Phase 6 + 7 — Root Cause Confirmation & TDD Fix

A cause is not "confirmed" until you can toggle the bug by toggling the cause. Every other level of evidence is correlation, and correlation-driven fixes ship bugs.

Phase 6 — Root Cause Confirmation

You are allowed to call the cause "confirmed" only when ALL THREE of these hold:

1. Captured runtime value matches the hypothesis exactly

Not "the value looks consistent with" — the value is exactly the value the hypothesis predicted. If your hypothesis was "baseUrl is api.anthropic.com despite ANTHROPIC_BASE_URL being set to a proxy", the captured value is literally "https://api.anthropic.com" in the debugger at the moment of the HTTP call.

2. Reproducible

Running the repro a second time yields the same observation. Flaky repros mean you haven't isolated the cause; you've isolated a symptom that sometimes appears when the cause does. Keep investigating.

3. Toggle proof (the one most skipped)

Changing the value (via debugger assignment, env override, or a speculative one-line patch) makes the bug disappear — and reverting brings the bug back.

If you can't toggle the bug by toggling the suspected cause, what you have is a correlation, not a mechanism. A correlation is a strong hypothesis, not a confirmed cause.

Examples of a valid toggle proof:

Suspected cause	Toggle
Env var overrides library default, and the override is wrong	Unset the env var → bug goes away. Reset it → bug comes back.
Async task is not awaited	Add `await` → bug goes away. Remove `await` → bug comes back.
Third-party SDK uses hardcoded URL	Monkey-patch SDK to use env URL → bug goes away. Unpatch → bug comes back.
Race condition on shared state	Add a mutex → bug goes away under load. Remove mutex → bug comes back under load.

If you can't construct a toggle proof, you haven't confirmed the cause. Run one more round.

Update the journal

markdown

## Root cause (confirmed <ISO timestamp>)
- Mechanism: <one paragraph, causal not correlational — the chain from cause to observable symptom>
- Evidence: <file:line of captured value | path to saved repro | address + register state>
- Toggle proof: "With <change X>, repro produces <good>. Reverting <change X>, repro produces <bad>."
- Fix scope: <files and approximate line count>

The "mechanism" field is the acid test. If you can't write the causal chain from cause to observable symptom as one paragraph, you don't yet understand the bug well enough to fix it.

Phase 7 — TDD Fix

Red, green, refactor. No shortcuts.

1. Red — failing-first test

Write a test that fails specifically because of this bug. Requirements:

Test name reads like a bug report. test_refinement_turn_returns_empty_content_when_anthropic_returns_401 is good. test_bug_fix is not.
Failure message clearly shows what the bug looks like. If someone reads only the failure output, they understand what's broken.
Minimum infrastructure. Don't spin up the whole server if a unit test against the right seam captures the mechanism.

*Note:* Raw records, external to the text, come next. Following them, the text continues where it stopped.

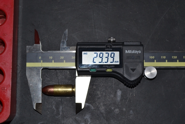 I am using a 147gr CMJ RN (Complete Metal Jacket, Round Nose) bullet from Frontier, as used by most sport shooters out there. Some prefer different weights of bullet, and other like different shapes of bullet. Whichever one you choose, make sure the COL is correct for your handgun. It should be the longest you can make it, but still be able for the round to go fully into battery with your handgun. A bit of experimenting is needed for each type of bullet you want to load. In my example, a COL of 29.4mm is preferred for my combination.
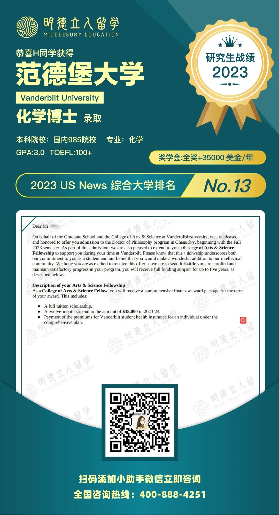 斩获全美综排Top 13的范德堡大学,化学博士项目Offer,不仅学费全免,更有3.5万美金/年的生活补助!
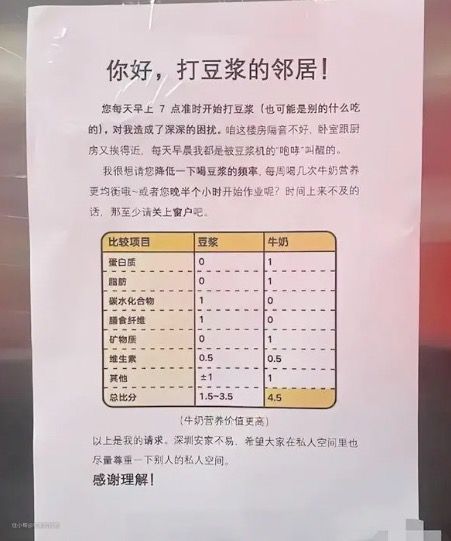 之前在网上就看到过一个像段子又不是段子真实事件,一位小区业主每天都被邻居的豆浆机吵醒,贴公告“建议”邻居改喝牛奶或者关好窗户再用。。
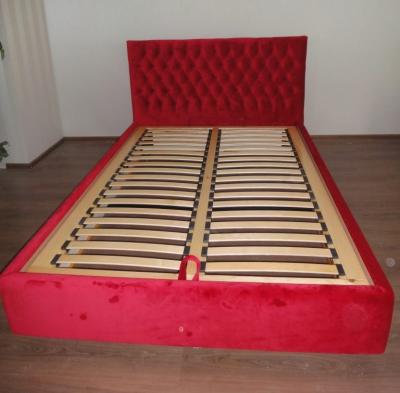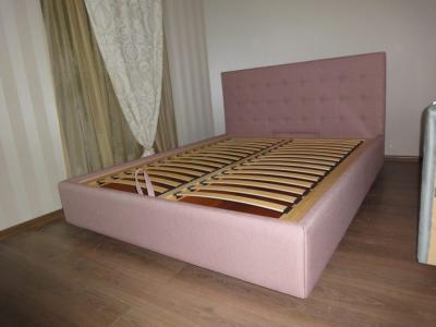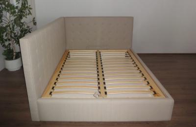 - Основание – конструкция из деревянных брусков и плиты ДСП. Внутри кровати короб, используемый и как ниша, и как элемент, дополняющий прочность конструкции. Изголовье кровати – ДСП с настилом из пенополиуретана;
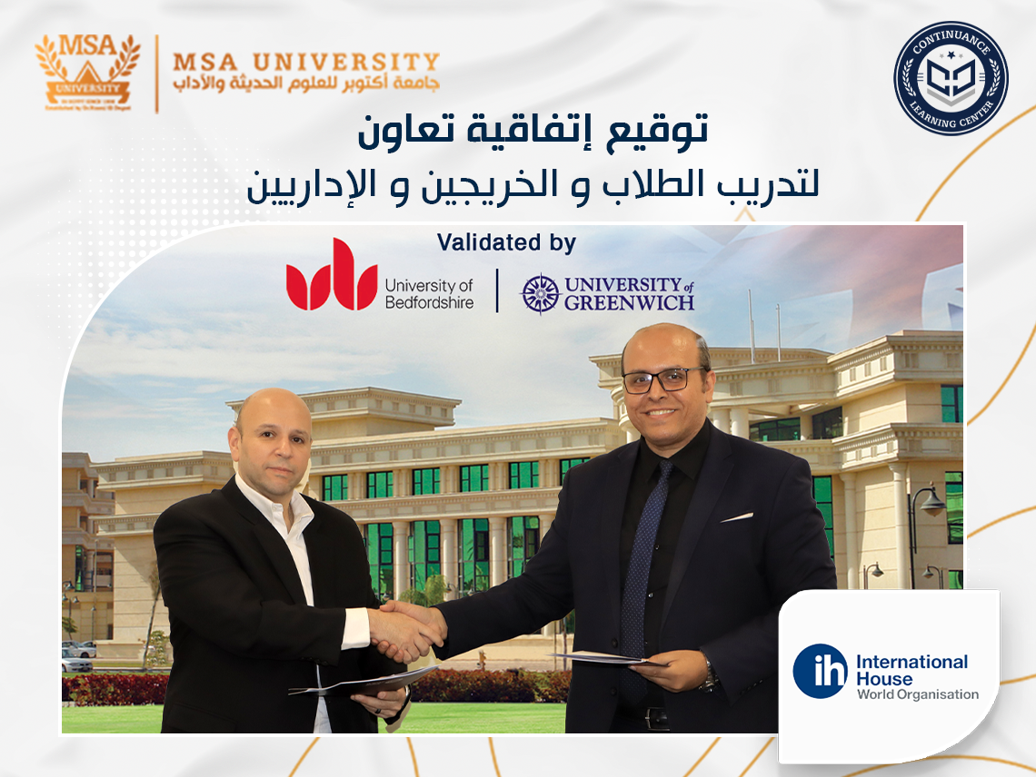 Mr. Ahmed Reda, Manager of the MSA Continuance Learning Center (MSA CLC), signed a cooperation agreement with International House Cairo (IH Cairo), a leading institution in language education and teacher training and is a part of the renowned International House World Organization, one of the largest and oldest networks of language schools worldwide, in the presence of the CEO Mr. Mohammed Attya, as a representative from the institution.
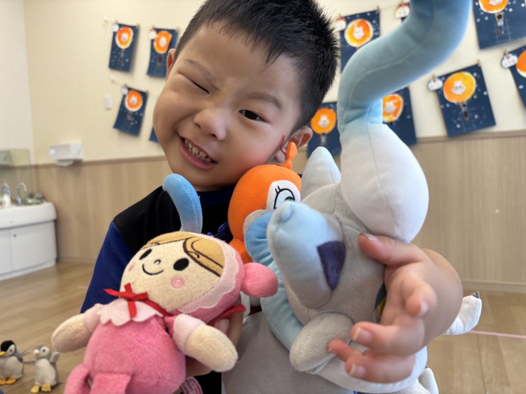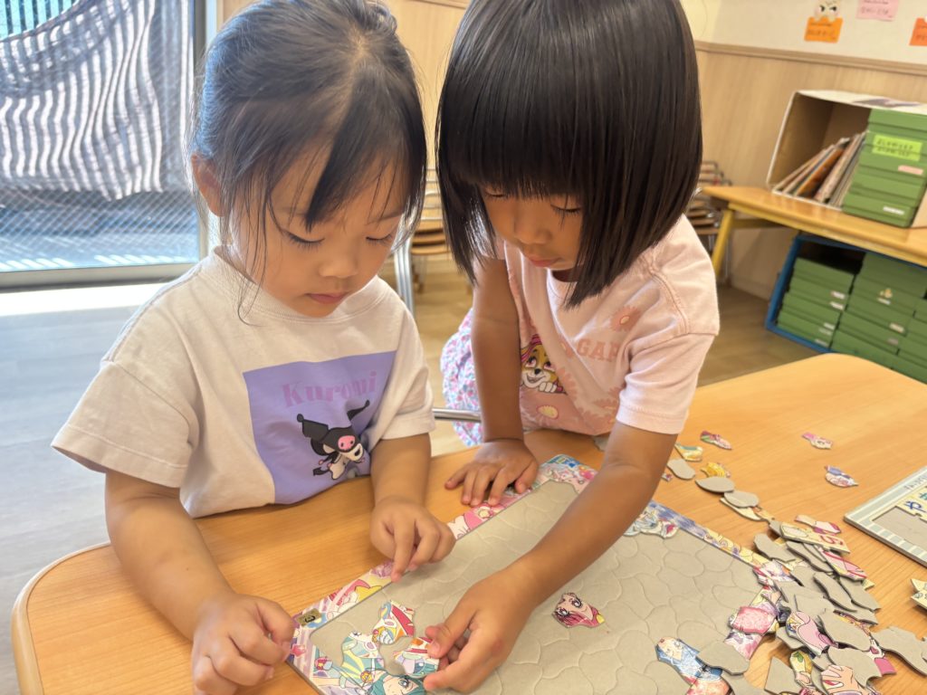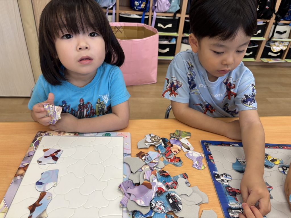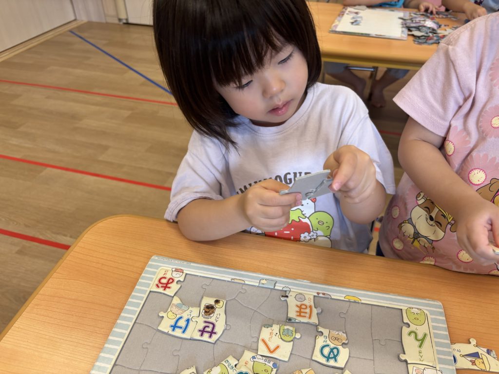 朝の時間は、パズルとぬいぐるみ遊び🧸
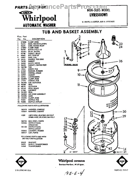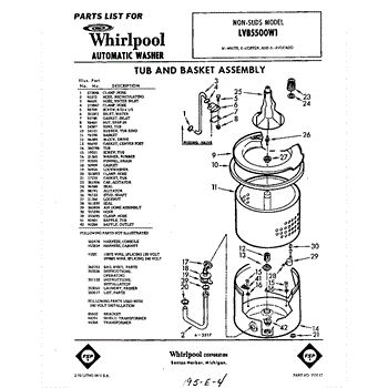 Parts for Whirlpool LVB5500W1: 01 - Section Parts

Run the test. Confirm it fails. Paste the failure output into the journal:

markdown

### Red phase (<ISO timestamp>)
Test: <path>::<name>
Command: <exact invocation>
Output:

<verbatim failure output> ``` Confirms: the bug is reproducible at the test-harness level, not just the manual repro. ```

2. Green — minimum change

Make the test pass with the smallest change that fully fixes the observed mechanism.

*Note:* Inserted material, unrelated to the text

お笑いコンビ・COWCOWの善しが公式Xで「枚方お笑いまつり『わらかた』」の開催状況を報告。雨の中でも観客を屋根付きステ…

If the diff is larger than ~30 lines and you aren't refactoring, something is wrong — either you're fixing more than the bug, or the root cause was deeper than you confirmed. Back to Phase 6.

Signs you're over-fixing:

Adding "just in case" null checks or try/except around other code
Refactoring adjacent functions because "while I'm here"
Adding new configuration options the bug didn't require
Introducing new abstractions to "make this cleaner"

Resist all of these. Fix the bug. Note the surrounding issues for follow-up. Move on.

3. Refactor — ONLY AFTER GREEN

Only cleanup directly related to the fix. Do not re-architect.

If the code around the fix is rough, note it in the journal as a follow-up for the user; do not expand scope here. Refactoring during a bugfix is how one-line fixes turn into hundred-line diffs nobody can review.

4. Regression — full suite green

Run the full test suite for the affected package (not just the one new test). Existing tests must still pass.

If they don't, your "fix" broke something else. Back to Phase 6 with the new failure as evidence — usually it means the mechanism you thought you fixed was load-bearing for some other code path you didn't know about, and the "broken" test is actually pointing at a better understanding of the system.

Update the journal

markdown

### Green phase (<ISO timestamp>)
Fix: <file:line> — <two-line description of the change>
Test: <path>::<name> now passes
Full suite: <N tests, <M failures — should be 0>

The red-green discipline summary

No red test → no proof the fix addresses the reported bug. Only proof it doesn't break tests that already existed.

A test written after the fix might still pass with the fix reverted. If that's the case, the test doesn't lock the bug — it locks something else. Always verify the test fails without the fix and passes with it. The journal should show both outputs.